Preferably, referring to fig. 5, the shaft tail includes a shaft connection portion 13131 and an external connection portion 13132 for fixedly connecting with a rotating component (a main machine portion), and a shaft sleeve 139 is disposed corresponding to the shaft connection portion, and referring to fig. 11, the shaft sleeve is positioned in the fixedly connecting sleeve, and the shaft connection portion is rotatably connected with the shaft sleeve. Thus, the external connection part can be fixedly connected with the rotating part (the main machine part), and the shaft sleeve in the fixedly connected sleeve is matched with the shaft joint part, so that the support and the rotation positioning of the shaft core can be realized.

Preferably, referring to fig. 11, the sleeve is rolled into a sleeve shape by a sheet material, one end of the sheet material is bent outwards to form a positioning flange 1391, and after the sheet material is rolled into a sleeve shape, the other end of the sheet material faces to the bending position of the positioning flange; referring to fig. 4, a positioning groove 1223 corresponding to the positioning flange is formed inside the fixing sleeve, and the positioning flange is inserted into the positioning groove. Thus, the shaft sleeve can be positioned in the fixedly connected sleeve through the matching of the positioning flange and the positioning groove.

Preferably, referring to fig. 11 and 5, an axially extending boss stop 1392 is formed on the boss near the bend of the locating flange, and a boss stop 13133 is formed on the boss portion to mate with the boss stop. In this way, the rotation angle of the shaft core can be limited under the cooperation of the shaft sleeve stop and the shaft core stop.

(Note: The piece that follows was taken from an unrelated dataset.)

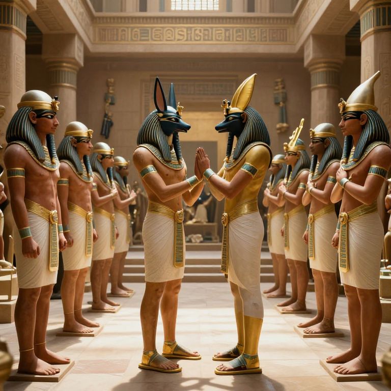 This is a CGI image depicting a ceremonial scene in an ancient Egyptian-style temple. At the center, two anthropomorphic jackal figures, resembling Anubis, stand facing each other with hands in prayer. Both wear golden headdresses, armlets, and anklets, along with white kilts. They have dark blue striped hair and brown skin. Surrounding them are eight other male figures, also with dark blue striped hair, wearing similar golden headdresses and white kilts, but without armlets or anklets. They stand in a semi-circle, facing the central figures. The temple background features tall columns, intricate geometric patterns, and warm lighting. The overall color palette includes gold, white, and brown tones, creating a majestic and solemn atmosphere.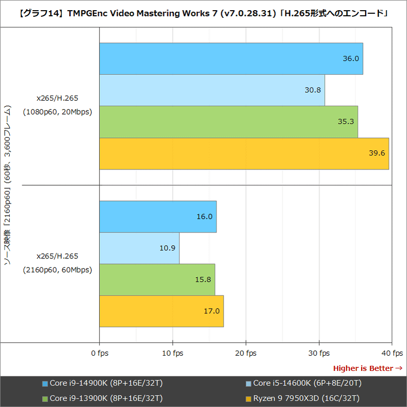 動画エンコードだと16コアの7950XよりPコア8しかない14900kに3倍差をつけられてるんですがそれは

Preferably, referring to fig. 6 and 7, the axial center of the cam forms a round hole for the shaft to pass through, the shape of the cam is a non-circular shape with a side cut away, one end of the cam facing the driving wheel forms a circular cavity 1324, and the driven block is fan-shaped and is arranged at the bottom of the circular cavity 1324; the inner hole of the bracket sleeve is a non-circular hole matched with the cam; the appearance of drive wheel is with circular of circular cavity groove normal running fit, the drive piece of drive wheel is fan-shaped, the drive wheel rotates and inserts in circular cavity inslot. Thus, when the cam is plugged into the bracket sleeve, the circumferential stop positioning of the cam in the bracket sleeve can be realized through the tight fit between the non-circular outside of the cam and the non-circular hole of the inner hole of the bracket sleeve; there are various ways of fixing the cam in the bracket sleeve, and the method is not limited to this. The circular driving wheel is inserted into the circular cavity groove of the cam, so that the function of rotation fit can be realized, the function of rotation drive can be realized through the fit of the fan-shaped driving block and the fan-shaped driven block, and the axial distance can be shortened.

Preferably, referring to fig. 8 and 9, a circular hole for the shaft body to pass through is formed in the axial center of the concave wheel, the shape of the concave wheel is circular, and sliding grooves 1334 which extend axially from one end to the other end but do not pass through are formed on two opposite sides of the concave wheel; the inner hole of the fixed sleeve is a round hole, and a sliding convex block 1224 matched with the sliding groove is formed on the inner side of the fixed sleeve. In this way, the function of axial sliding and circumferential stopping of the concave wheel in the fixed sleeve can be realized through the matching of the circular shape of the concave wheel and the circular shape of the inner hole of the fixed sleeve and the matching of the sliding groove and the sliding convex block, and the structure of the concave wheel and the fixed sleeve is a preferred embodiment but is not limited to the preferred embodiment.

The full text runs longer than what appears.